EXERCISE DESCRIPTION:
Reproduce, character for character, the lines below from the first through the one with "Deposita 20€ o". Leave pictures out.

SUPPLIED DATA:
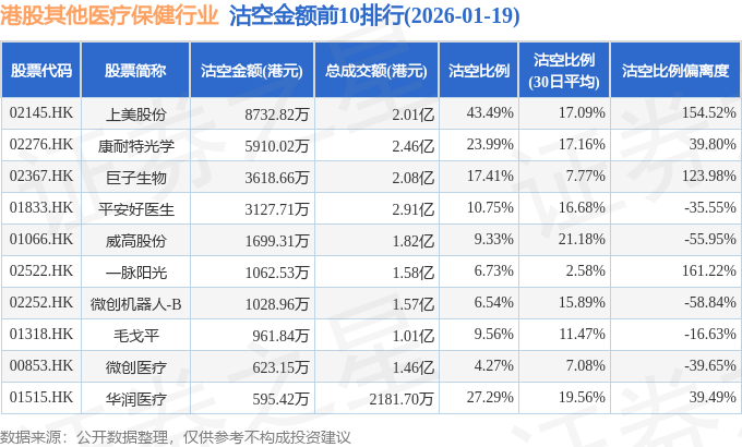 从沽空比例来看,上美股份、华润医疗、H&H国际控股沽空比例位居行业前三,分别为43.49%、27.29%、24.44%。
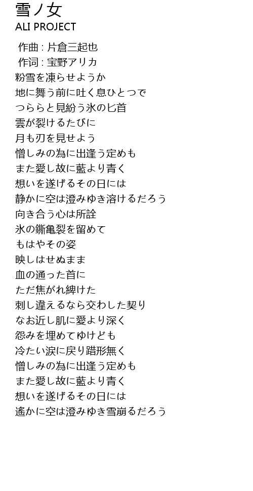 | [04:18.08] | 遙かに空は澄みゆき雪崩るだろう |
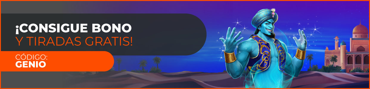 Deposita 20€ o más con el código GENIO y consigue un 100% EXTRA hasta 75€ en bono, además obtendrás 10 Tiradas Gratis en la slot 3 Genie Wishes. ¡Pide tu deseo y mira cómo se cumple!
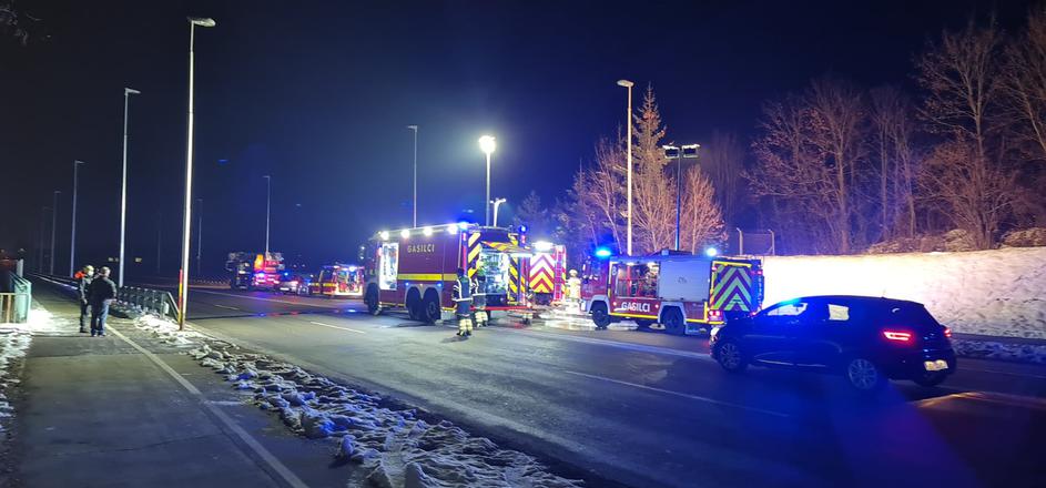 Gasilci Gasilsko reševalne službe Kranj med nocojšnjo intervencijo.

WRITTEN RESPONSE:
 从沽空比例来看,上美股份、华润医疗、H&H国际控股沽空比例位居行业前三,分别为43.49%、27.29%、24.44%。
 | [04:18.08] | 遙かに空は澄みゆき雪崩るだろう |
 Deposita 20€ o más con el código GENIO y consigue un 100% EXTRA hasta 75€ en bono, además obtendrás 10 Tiradas Gratis en la slot 3 Genie Wishes. ¡Pide tu deseo y mira cómo se cumple!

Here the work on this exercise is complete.